[What this task involves] Each line below should be repeated exactly, but no picture should be carried over.

___ Dataset excerpt

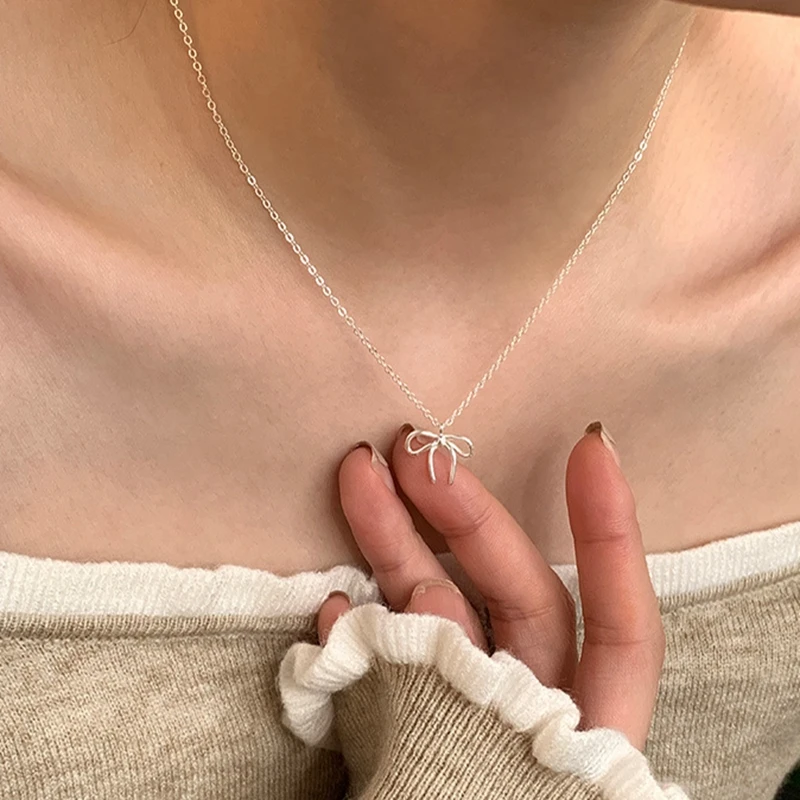925 Sterling Silver Cute Bowknot Pendant Necklace For Women Girl Charm Chain Fashion Jewelry Accessories
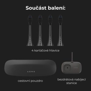 Sonické zubní kartáčky AENO se dodávají s bezdrátovou nabíjecí základnou, takže stačí kartáček nechat v základně a je vždy připraven k použití. Přibližně 5 hodin bezdrátového nabíjení zajistí plné nabití.
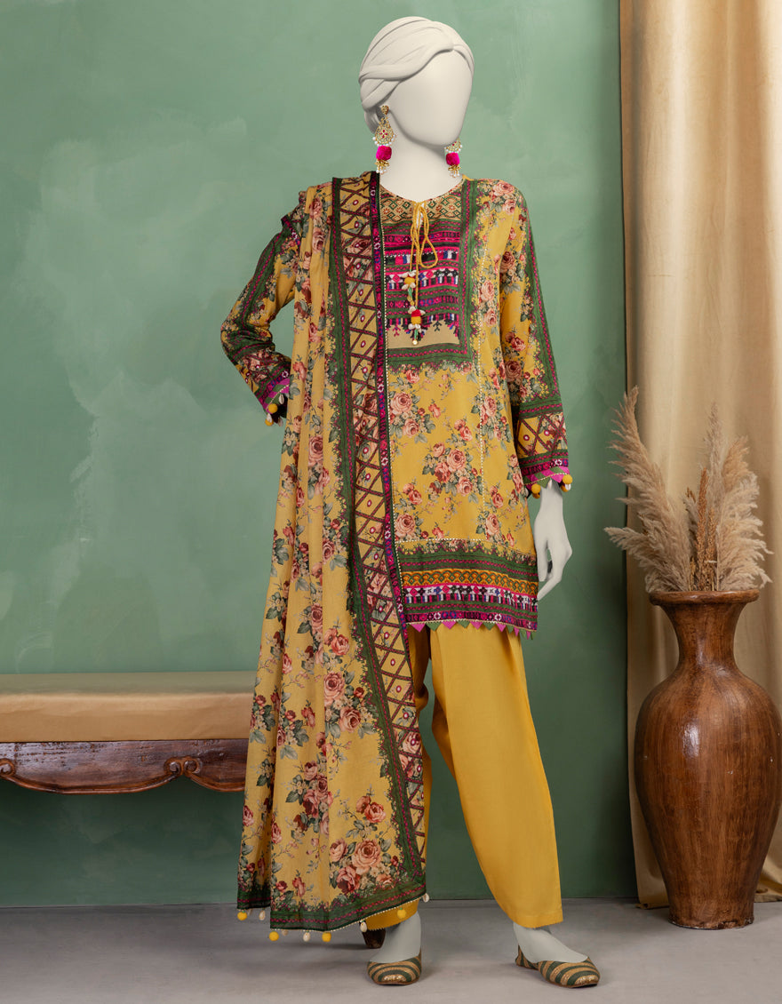 Lawn Yellow Unstitched Suit - J. Junaid Jamshed

______

[Reply to the exercise]
925 Sterling Silver Cute Bowknot Pendant Necklace For Women Girl Charm Chain Fashion Jewelry Accessories
 Sonické zubní kartáčky AENO se dodávají s bezdrátovou nabíjecí základnou, takže stačí kartáček nechat v základně a je vždy připraven k použití. Přibližně 5 hodin bezdrátového nabíjení zajistí plné nabití.
 Lawn Yellow Unstitched Suit - J. Junaid Jamshed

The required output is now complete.